Using a submersible from the University of Hawaii, they plan to find out more about the nature and diversity of marine life that populates submarine volcanoes.

They are also aiming to gain new knowledge about the geology and chemistry of the seafloor and its ecosystems within New Zealand's Exclusive Economic Zone.

The scientists will dive on eight volcanoes, at least two of which are bigger than Mt Ruapehu and intensely active. They range in depth from 300m to 1800m.

The first leg of the 'New Zealand-American Submarine Ring of Fire 2005 Expedition' leaves Pago Pago, American Samoa, on 3 April and is expected to arrive in Tauranga on 22 April. Depending on the weather, the scientists hope to make 30 dives during the 70-day expedition.

" This will be the first intensive exploration of the chain of seafloor volcanoes in New Zealand's offshore territory. It will set the stage for future exploration of our Exclusive Economic Zone," said Dr Alexander Malahoff, chief executive of Geological and Nuclear Sciences Ltd (GNS).

Dr Malahoff, and Gary Massoth of GNS, will lead parts of the voyage with Dr Robert Embley of the US National Oceanic and Atmospheric Administration (NOAA).

Most of the target volcanoes have not been explored by submersible before. They were identified during previous New Zealand-American voyages on the National Institute of Water & Atmospheric Research (NIWA) deepwater research vessel, Tangaroa.

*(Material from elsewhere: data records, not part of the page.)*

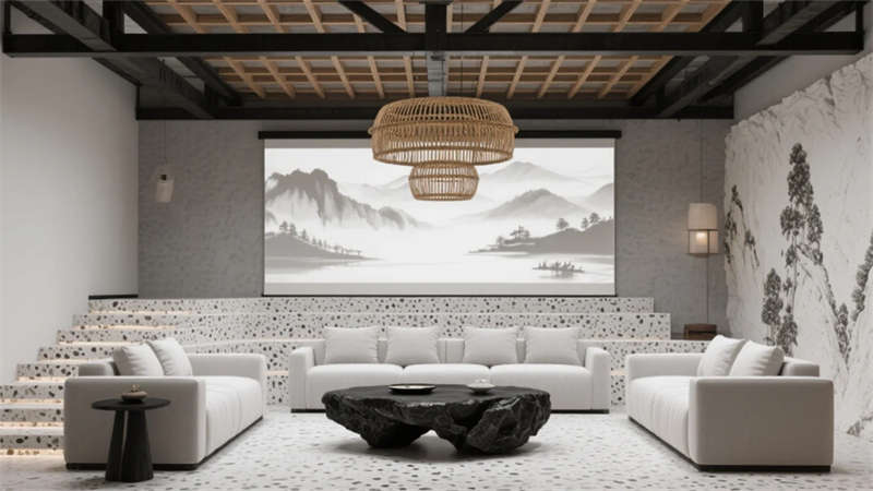 空間脈絡延續山水哲學——開放式辦公區的水墨玻璃隔斷營造朦朧畫境,創想實驗室可書寫墻面激發思維奔流。協作沙龍區的階梯布局與動態山水投影,催化靈感迸發的化學反應。靜思艙藏身綠植墻中,為深度思考保留秘境。
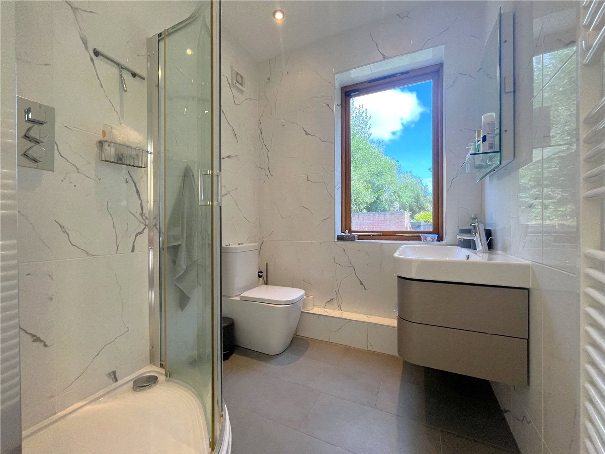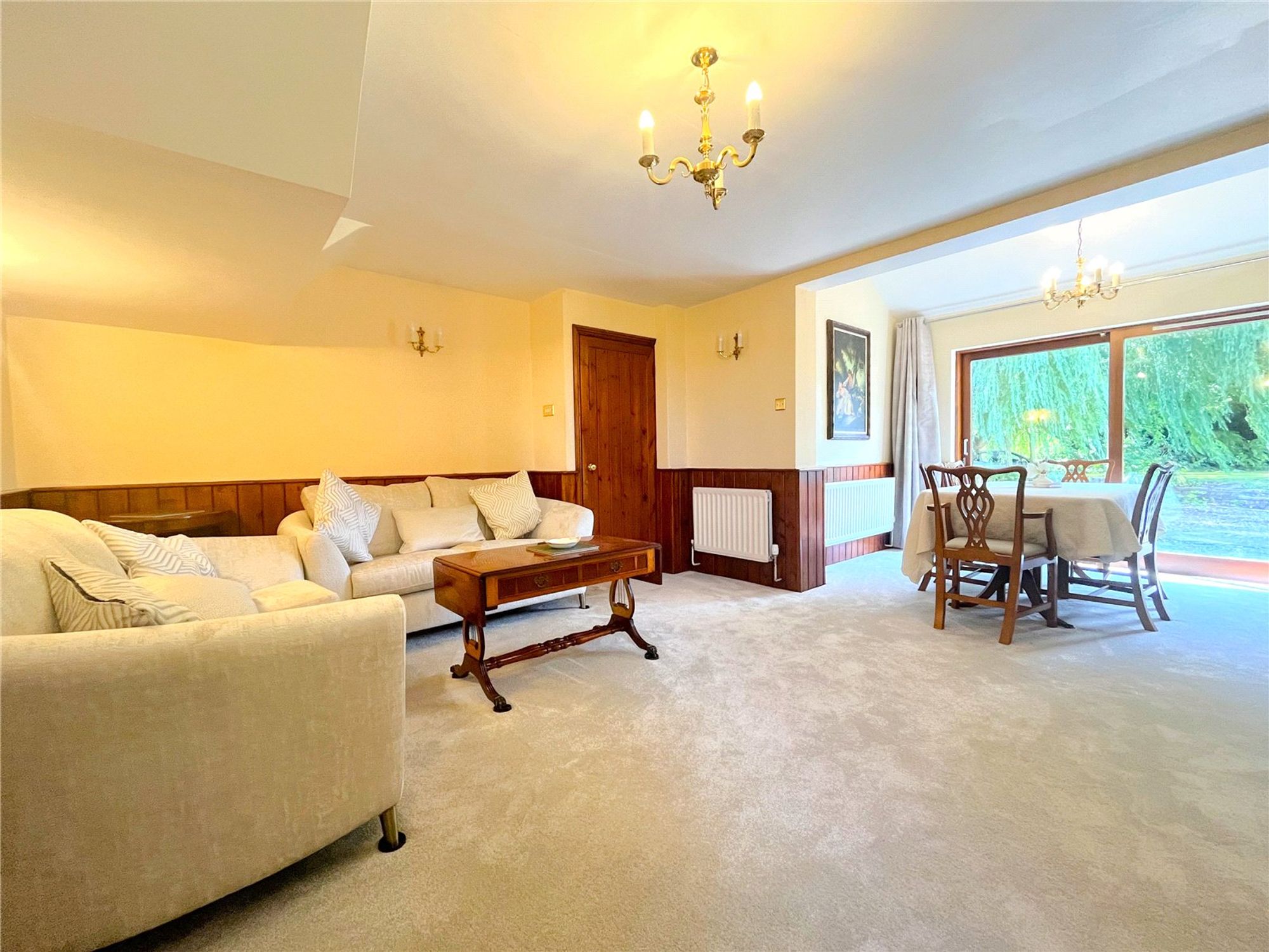 An open-plan, spacious lounge features a fireplace with an adjacent dining area enjoying sliding patio doors opening out to the front gardens. Adjoining the lounge is a versatile room that could serve as a ground floor bedroom or an additional reception room. This room benefits from an adjoining en-suite shower room.
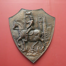 Description A wonderful wall hanging Shield in embossed copper of a knight and horse, and Castle.
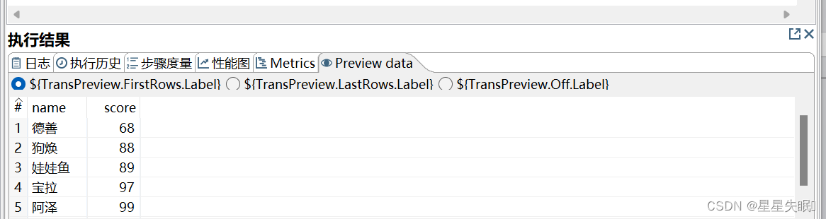 在转换设计界面中,点击三角形按钮开始执行转换,在弹出的界面中点击“启动”,如果转换执行成功,在两个控件图标上都会显示绿色的勾号。这时,在“执行结果”的“Preview data”选项卡中就可以预览排序后的数据
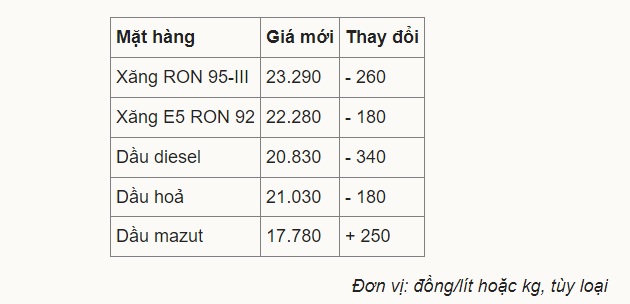 Các mặt hàng dầu có giá mới 17.780-21.030 đồng một lít. So với cách đây 7 ngày, dầu diesel giảm 340 đồng, xuống 20.830 đồng một lít. Dầu hỏa rẻ hơn 180 đồng. Riêng dầu mazut tăng 250 đồng, lên 17.780 một kg.
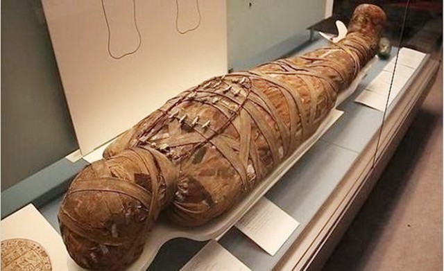 据知,埃及木乃伊的制作要经过一系列特殊处理:在迅速脱水去除内脏后,再用香料进行熏制防腐,最后用布条包裹严密,才能达到保存千年的目的。
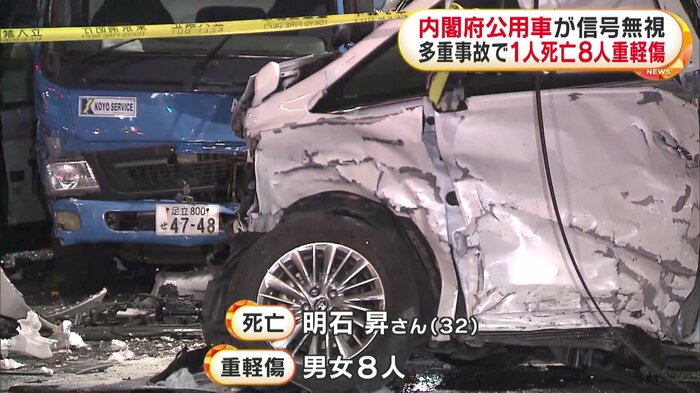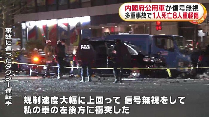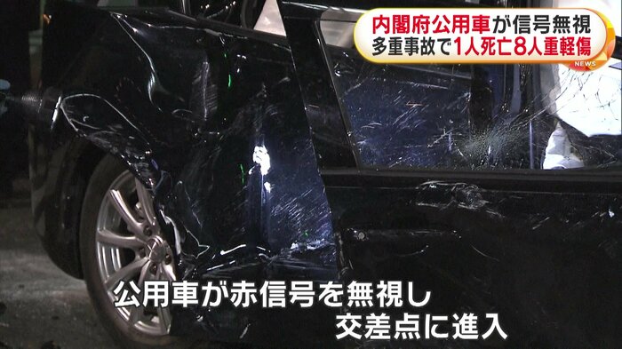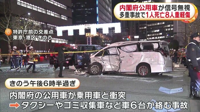 東京・港区の特許庁前の交差点で22日、内閣府の公用車が赤信号を無視して、車6台が絡む事故を起こし、1人が死亡、8人が重軽傷を負った。
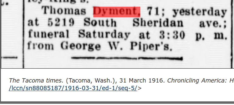 Matilda died at home on Asotin Street in Tacoma, Pierce, Washington on 16 April 1909 at the age of 61. Her obituary stated that she was survived by 6 sons and three daughters. Thomas died in Tacoma, at the home of his daughter, Mrs Jennie Hosmer, on South Sheridan Street, on 30 March 1916. (His parent's names on the death certificate were Humphrey Dyment and Barbara McArthur). He was survived by nine children: George of Prince Edward Island, Mrs Hosmer, John Dyment, William Dyment, Mrs Alice Williams, and Mrs Ethel Parker, all of Tacoma; Edward Dyment of Shelton, Thomas Dyment of Boston and Arthur Dyment of Idaho. He was also survived by 17 grand-children and one great-grandchild.
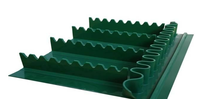 輸送帶(裙邊擋板帶),擋邊起防止物料測滑撒落的作用。為便于轉彎,裙邊設計成波紋狀;橫隔板的作用是承托物料,為了實現大傾角輸送,采用T型TC型。檔邊和橫隔板是用二次硫化的方法與基帶連接的,具有很高的連接強度。用于輸送易散落的粉狀、粒狀、小塊狀、糊狀及液態狀物料。

Offshore New Zealand has some of the most active and unusual submarine hot vents in the world. Scientists have mapped 77 submarine volcanoes in the 2500km stretch of seafloor between the Bay of Plenty and Tonga. Many host seafloor vents that produce large volumes of hot mineral-rich water and greenhouse gases such as methane and carbon dioxide. At some of these sites deposits of iron, manganese, copper, zinc, lead and even gold are forming continuously. Also at these sites are communities of unusual marine organisms thriving in hostile conditions. They are relatively new to science and knowledge of their biology and physiology may lead to significant advances in industries such as pharmaceuticals. The “black smoker” plumes produced by seafloor vents supply trace metals that are vital to the lifeblood of the oceans.